Rasa tersakiti dapat dilihat melalui unsur intralingual berupa kalimat “Justru malah merasa kami terbalik gitu, kami merasa kami jadi kami yang
didzolimi sekarang itu.” unsur ekstralingual berupa fenomena konteks
praanggapan dari Elfi juga menyertai tuturan. Namun, unsur ekstralingual berupa tanda ketubuhan tidak terlihat.

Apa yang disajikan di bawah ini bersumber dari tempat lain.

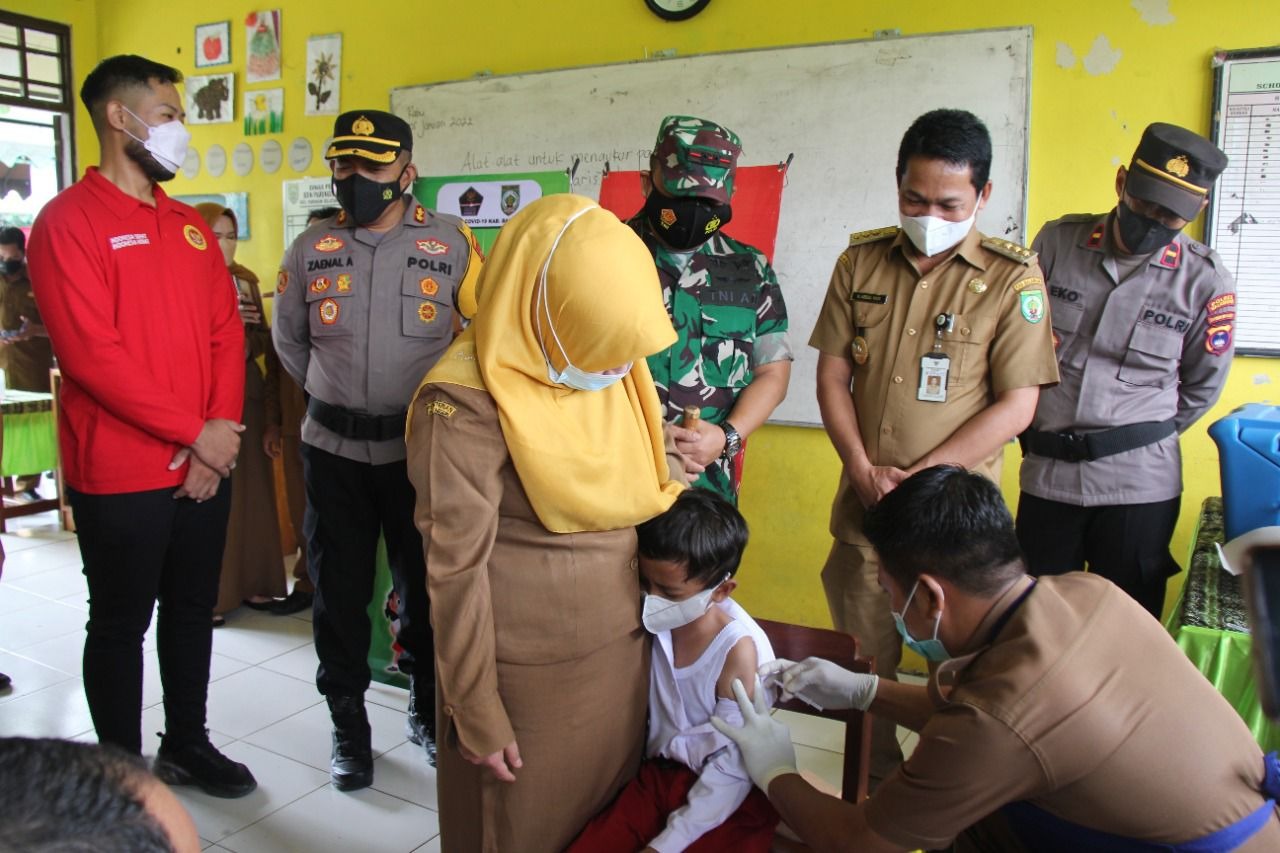 Launching vaksinasi anak dilaksanakan di SDN Paringin Selatan 1, yang dihadiri oleh jajaran unsur Forkopimda Balangan, Senin (10/1/2022).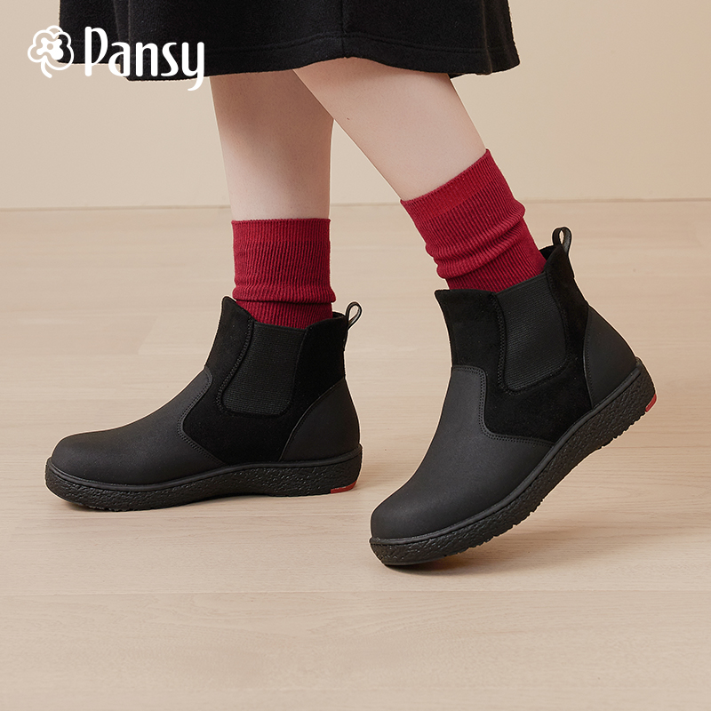 Pansy盼喜日本女鞋单靴秋季休闲保暖切尔西短靴平底妈妈鞋靴子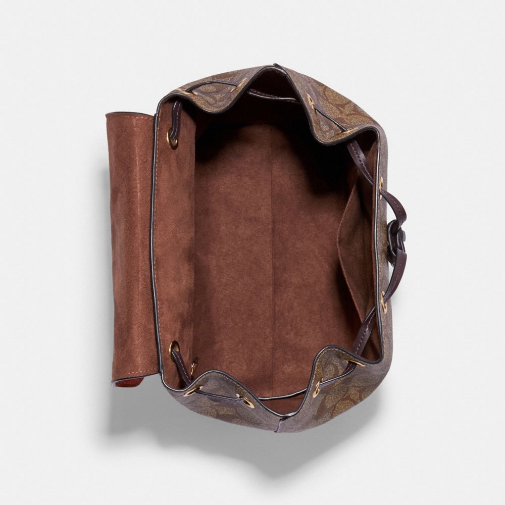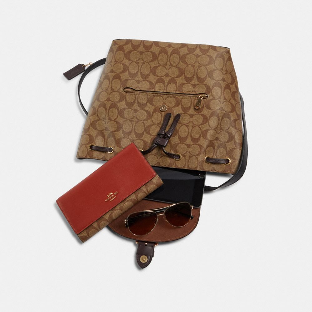 Signature coated canvas, suede and smooth leather| Inside zip and multifunction pockets| Snap closure, fabric lining| Handle with 3" drop| Outside zip pocket| Adjustable shoulder straps| 11" (L) x 11" (H) x 6 1/4" (W)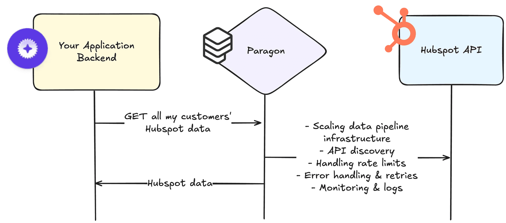 Paragon’s integration infrastructure then takes care of integration-specific details and scaling challenges to make working with 3rd-party APIs and data easy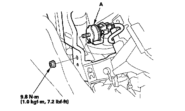 2. Remove the lateral acceleration sensor (A) from the left lower side with the connector connected.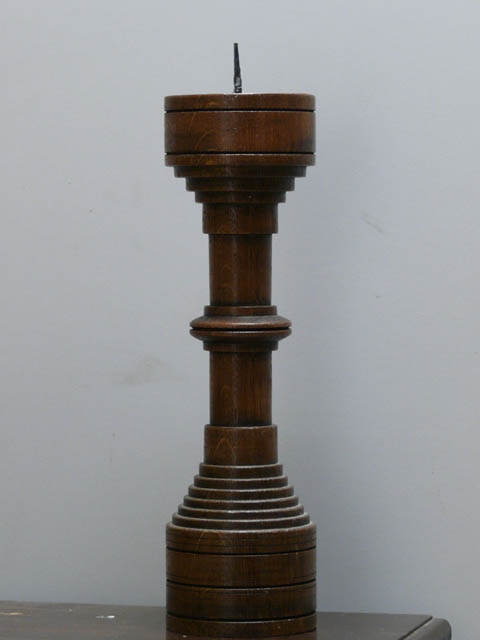 MEDIUM TURNED OAK CANDLE PRICKET ANGLO - FRENCH 39 CM HIGH (X2)

Tuturan tersebut dipersepsi sebagai tuturan yang santun karena Elfi dalam menuturkan rasa tersakitinya tidak menggunakan emosi walaupun kenyataannya
dia sangat tersakiti karena Komnas HAM tidak membantu . Hal itu juga sesuai dengan prinsip kesantunan Pranowo 104:2012 yaitu empan papan,
menyesuaikan diri dengan tempat. Dalam konteks ini, karena sifat ILC yang formal, Elfi dalam bertutur kata juga menyesuaikan diri dengan tempat dimana
dirinya menuturkan tuturannya. Nilai rasa merasa tersakiti hanya ditemukan satu, oleh karena itu dapat
disimpulkan bahwa tuturan yang bernilai rasa merasa tersakiti merupakan tuturan yang santun karena sesuai dengan prinsip kesantunan Pranowo 104:2012 yaitu
empan papan, menyesuaikan diri dengan tempat. Misalnya pada NR.131ILC 18- 11-
2014 “….kami merasa kami jadi kami yang didzolimi sekarang itu.” Kesantunan itu ditunjukkan Elfi karena dalam menuturkan rasa tersakitinya tidak
menggunakan emosi walaupun kenyataannya dia sangat tersakiti karena Komnas HAM tidak membantu. Elfi dalam bertutur kata juga menyesuaikan diri dengan
tempat dimana dirinya menuturkan tuturannya. Selain itu, rasa merasa tersakiti dapat dimunculkan melalui unsur
intralingual kalimat yang disertai dengan unsur ekstralingual fenomena konteks.
Namun penanda ekstraalingual berupa tanda-tanda ketubuhan tidak selalu terlihat karena tergantung pada keekspresifan penutur.